Setiap pemberi kerja wajib mendaftarkan dirinya dan seluruh pekerjanya sebagai peserta BPJS Ketenagakerjaan. Pemberi kerja yang melanggar kewajiban ini dapat dikenakan sanksi administratif berupa teguran tertulis, denda, dan/atau tidak mendapat pelayanan publik tertentu sesuai ketentuan Pasal 17 UU BPJS.
Contoh Kasus
Seorang pekerja konstruksi di Bandung mengalami kecelakaan kerja berupa jatuh dari ketinggian saat mengerjakan proyek pembangunan gedung. Karena perusahaan telah mendaftarkannya sebagai peserta BPJS Ketenagakerjaan program JKK, seluruh biaya pengobatan dan perawatan ditanggung oleh BPJS Ketenagakerjaan. Pekerja tersebut juga menerima santunan berupa penggantian upah selama tidak mampu bekerja sebesar 100% dari upah untuk 12 bulan pertama.
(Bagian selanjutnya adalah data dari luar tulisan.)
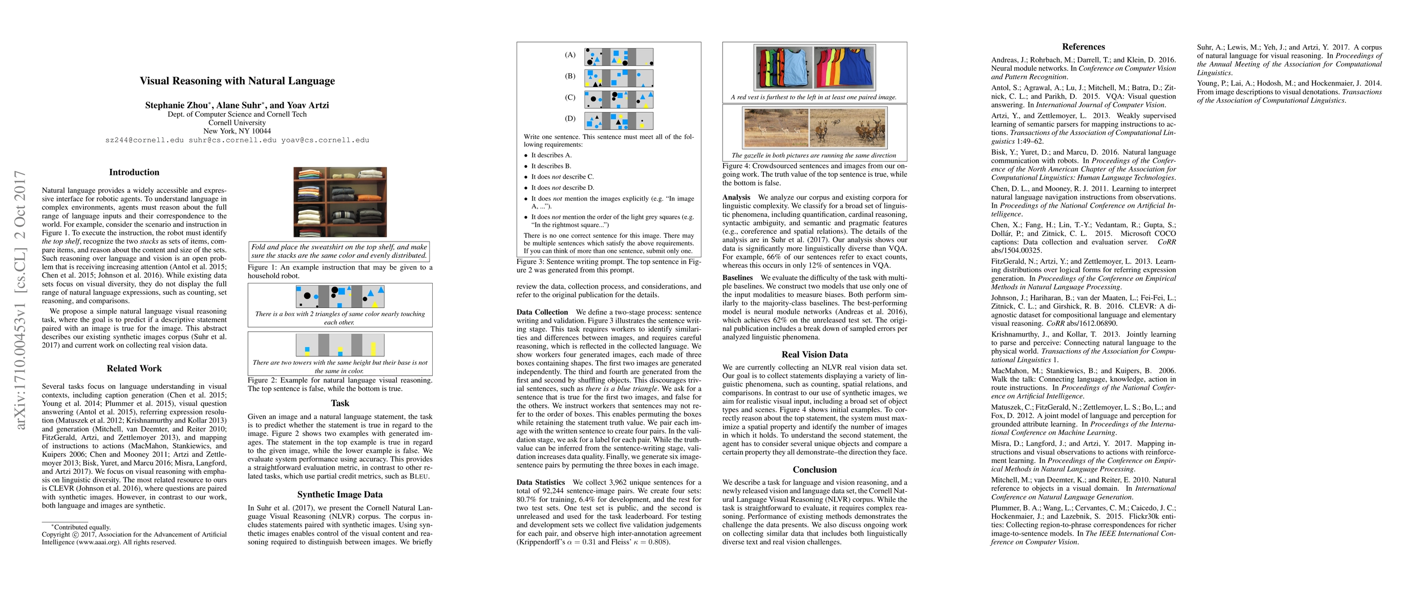 Natural language provides a widely accessible and expressive interface for robotic agents. To understand language in complex environments, agents must reason about the full range of language inputs and their correspondence to the world. Such reasoning over language and vision is an open problem that is receiving increasing attention. While existing data sets focus on visual diversity, they do not display the full range of natural language expressions, such as counting, set reasoning, and comparisons. We propose a simple task for natural language visual reasoning, where images are paired with descriptive statements. The task is to predict if a statement is true for the given scene. This abstract describes our existing synthetic images corpus and our current work on collecting real vision data.

Kasus lain terjadi ketika sebuah perusahaan startup di Jakarta tidak mendaftarkan karyawannya dalam BPJS Ketenagakerjaan selama 2 tahun. Setelah dilaporkan oleh karyawan ke Dinas Ketenagakerjaan, perusahaan dikenakan sanksi berupa kewajiban membayar seluruh iuran yang tertunggak beserta denda keterlambatan 2% per bulan, serta tidak dapat mengakses layanan publik tertentu seperti izin usaha.